Task brief
Pictures aside, please retype the whole listing word for word.

Collected material
******************************
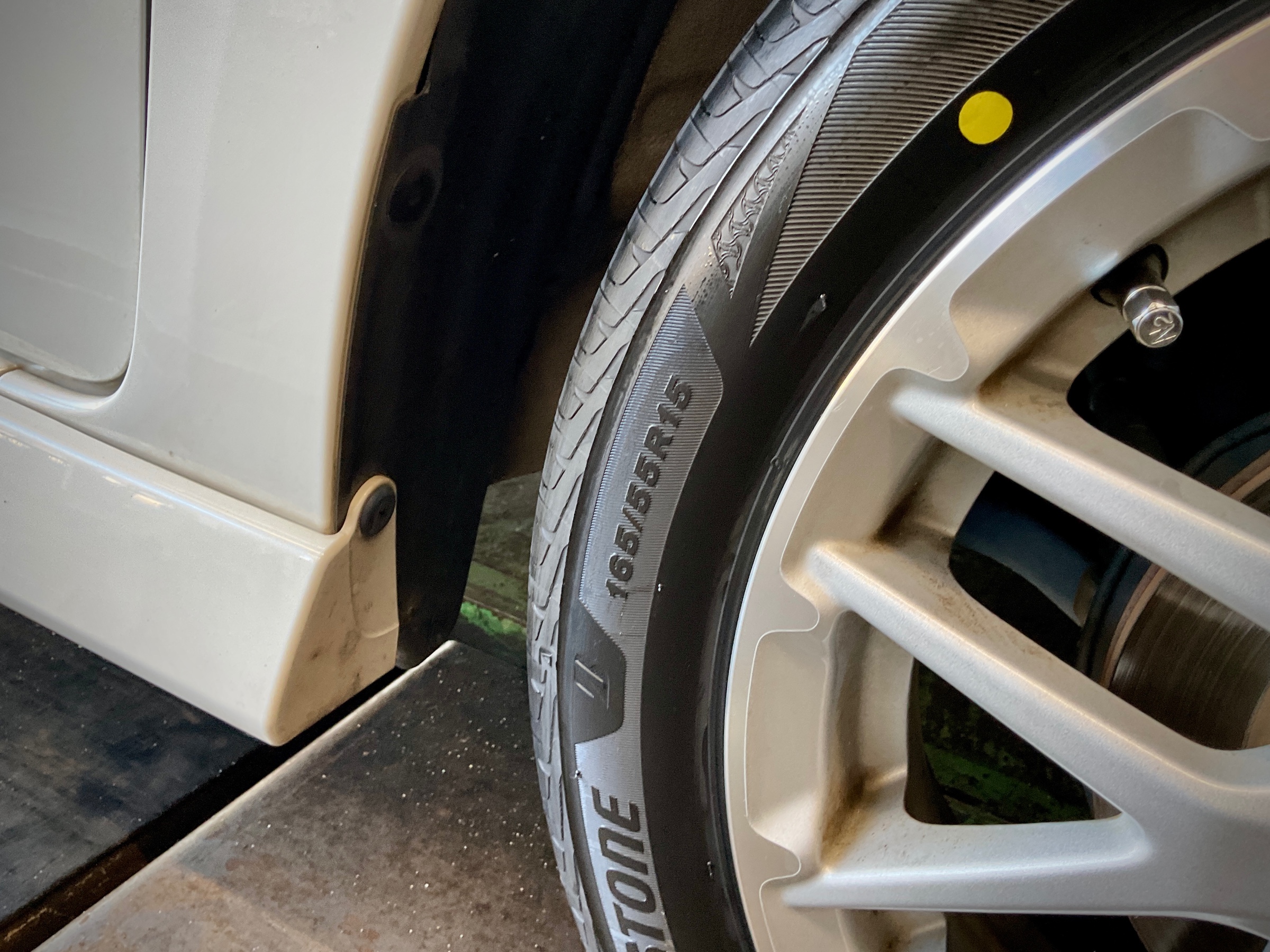 今回装着したタイヤのサイズは165/55R15 75Vです。
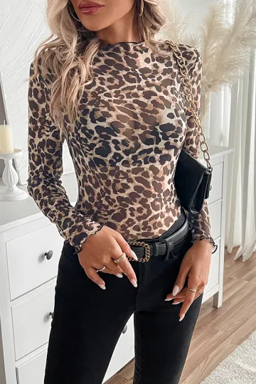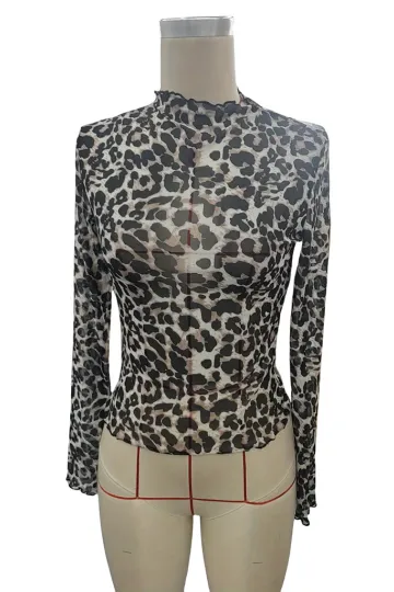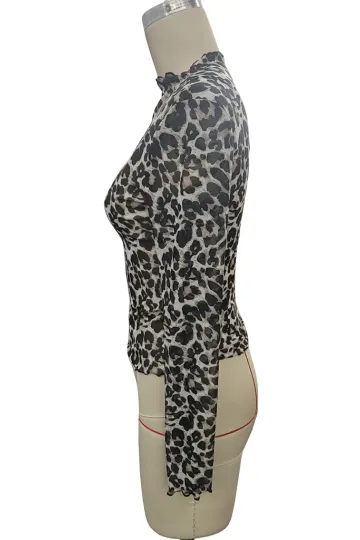 Wholesale Women's Sexy Leopard Print Mesh Ruffle Bodysuit T-shirt Top
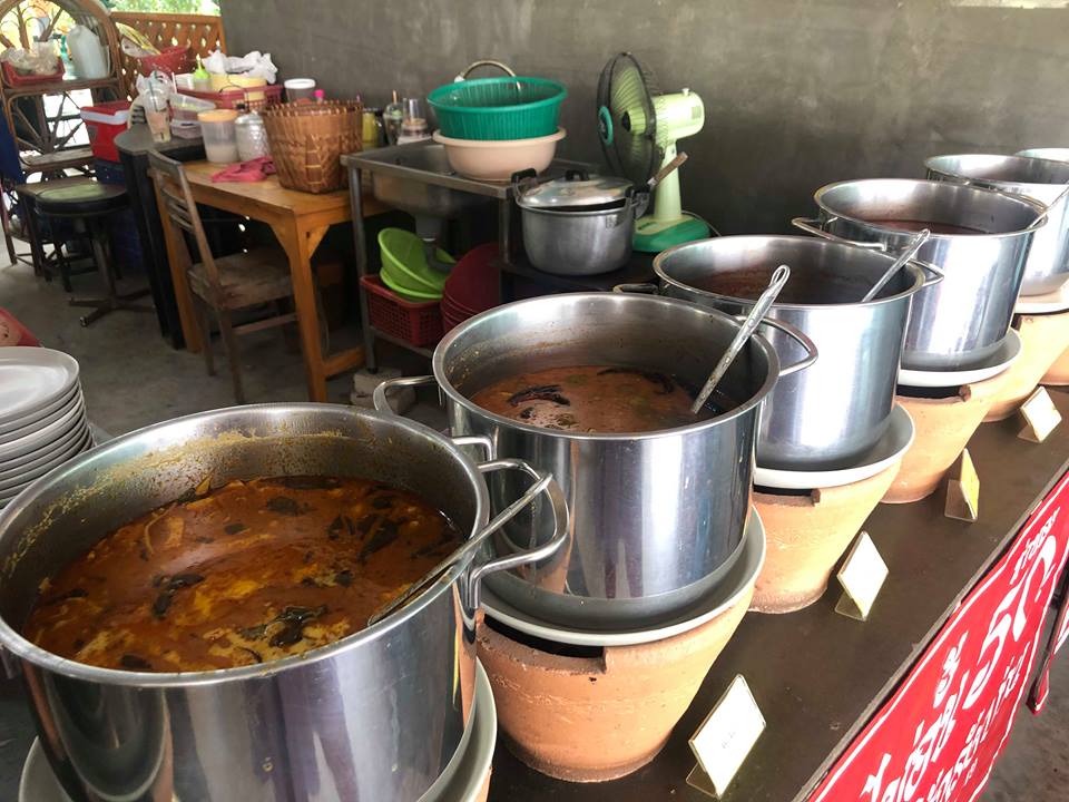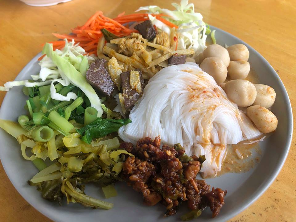 เราไปดูในส่วนของขนมจีนก่อน มีหลากหลายน้ำให้เลือก รสชาติจัดจ้าน ทั้งน้ำยากะทิ น้ำเงี้ยว น้ำพริก แกงเขียวหวานเป็นต้น มาพร้อมกับเครื่องเคียงผักสดนานาชนิด
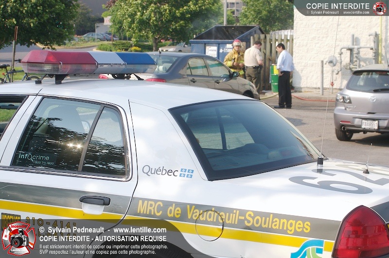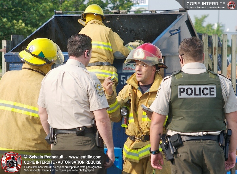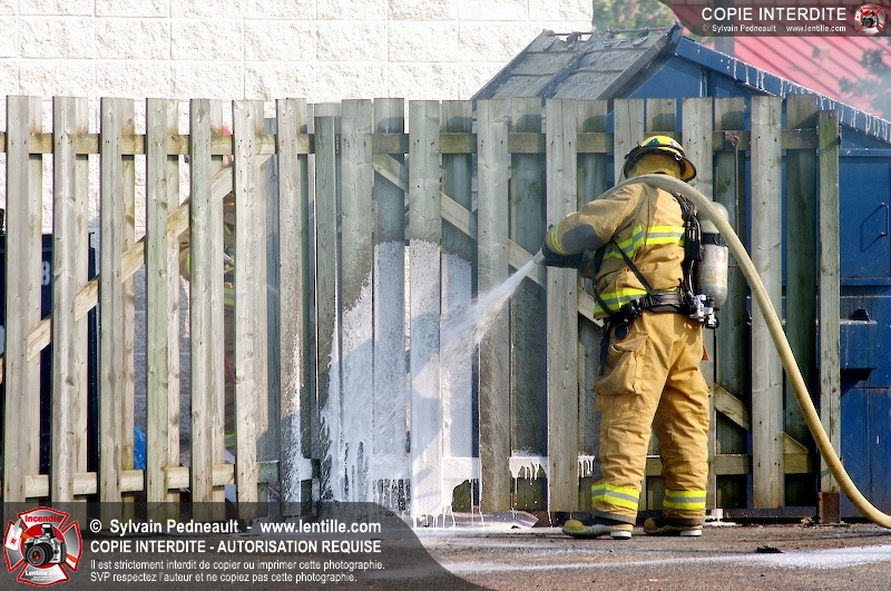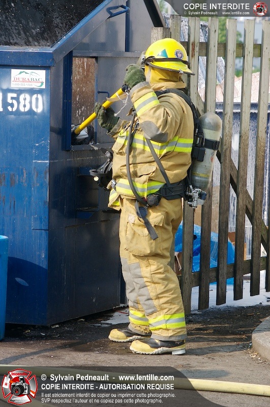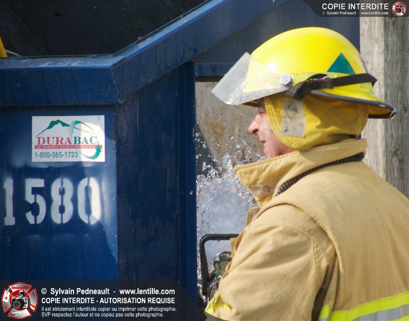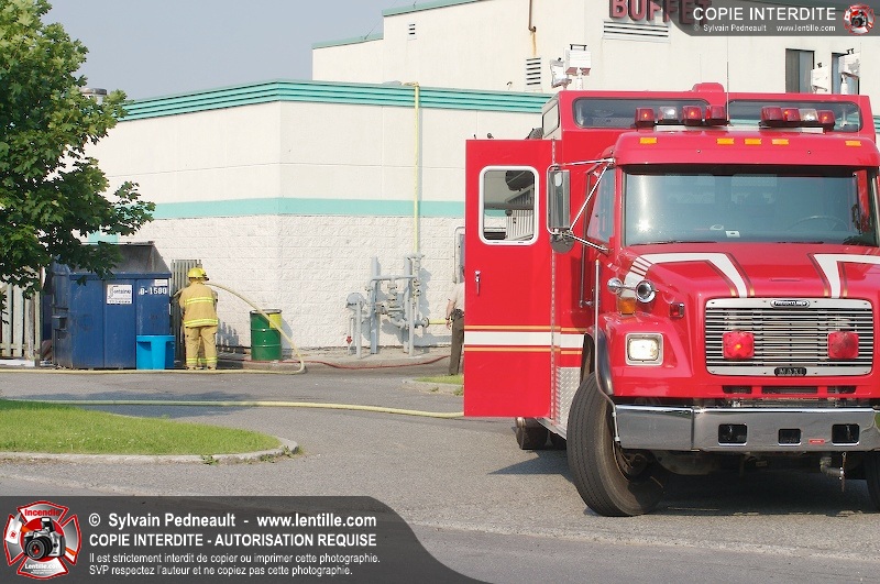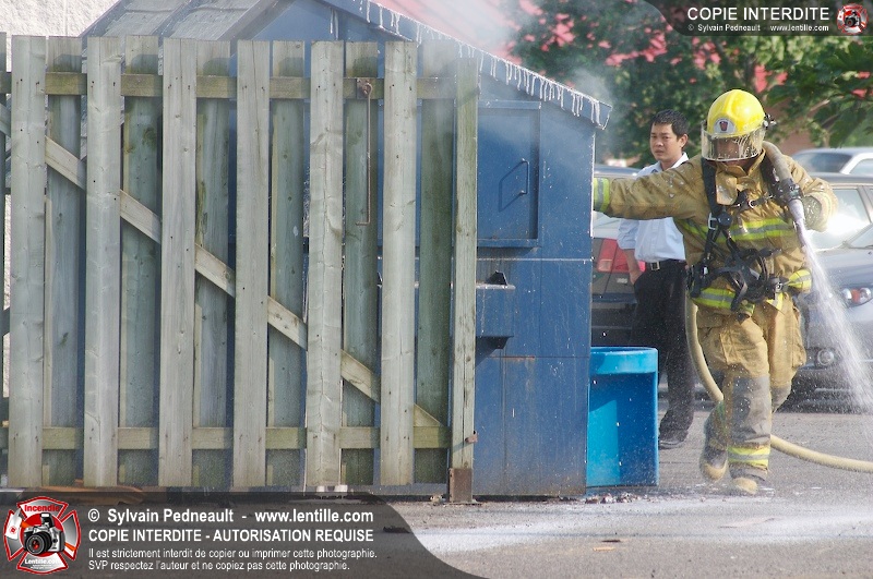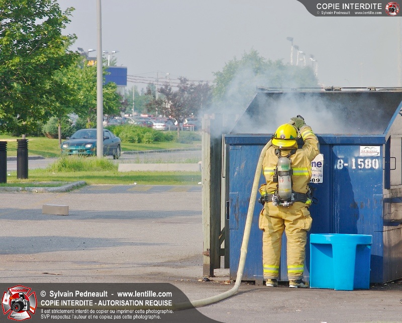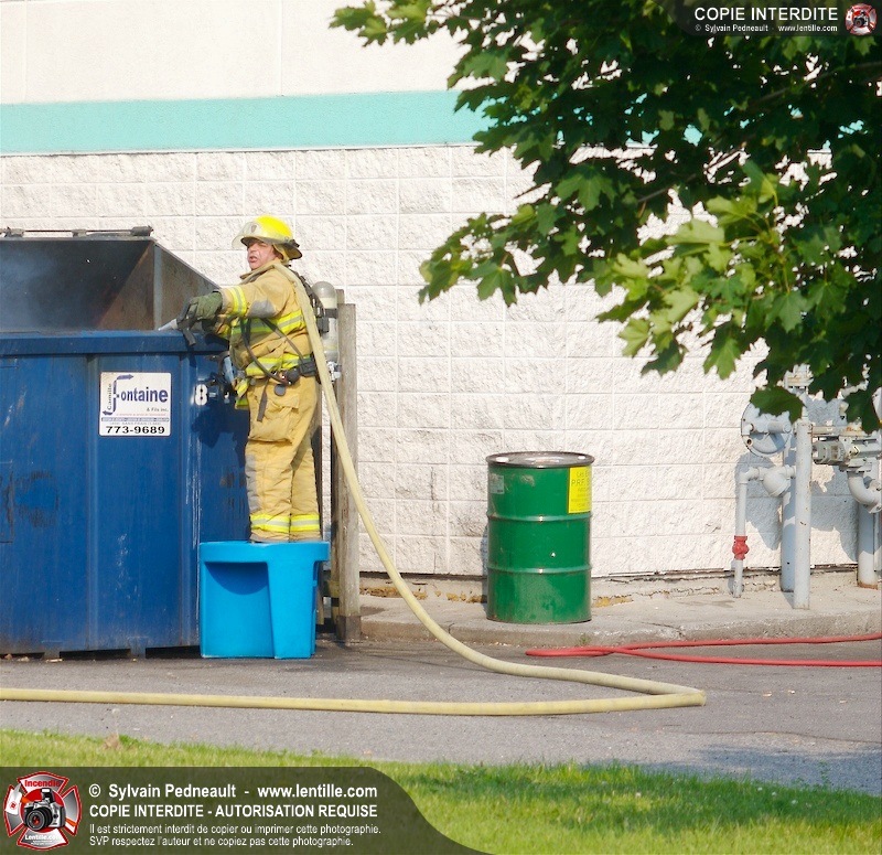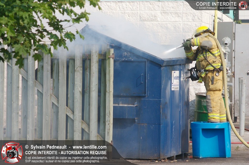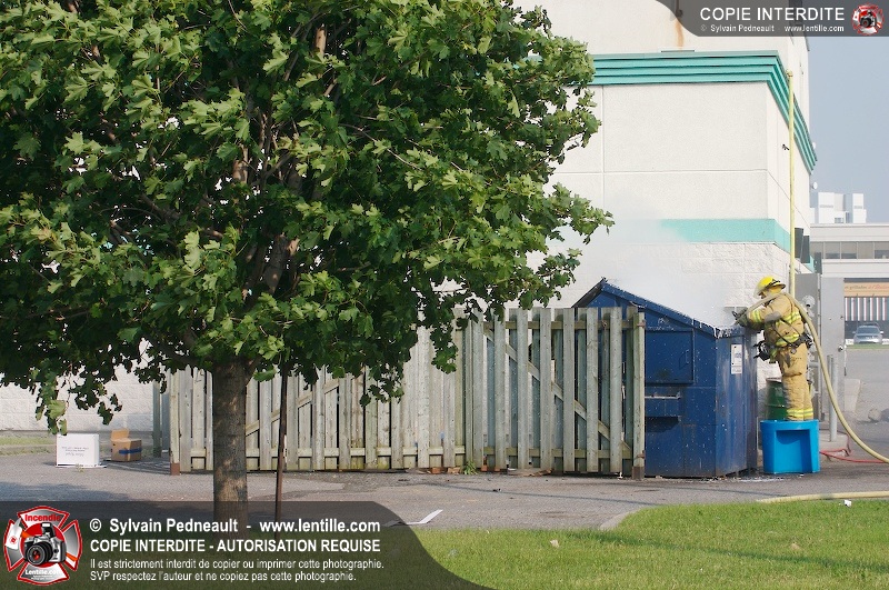 Feu de conteneur derrière un restaurant près de l'autoroute 20 à Saint-Hyacinthe. Selon les premières constatations, du verre jeté dans le conteneur plus tôt en journée auraît pu causer l'incendie.
******************************
Response to this exercise
 今回装着したタイヤのサイズは165/55R15 75Vです。
 Wholesale Women's Sexy Leopard Print Mesh Ruffle Bodysuit T-shirt Top
 เราไปดูในส่วนของขนมจีนก่อน มีหลากหลายน้ำให้เลือก รสชาติจัดจ้าน ทั้งน้ำยากะทิ น้ำเงี้ยว น้ำพริก แกงเขียวหวานเป็นต้น มาพร้อมกับเครื่องเคียงผักสดนานาชนิด
 Feu de conteneur derrière un restaurant près de l'autoroute 20 à Saint-Hyacinthe. Selon les premières constatations, du verre jeté dans le conteneur plus tôt en journée auraît pu causer l'incendie.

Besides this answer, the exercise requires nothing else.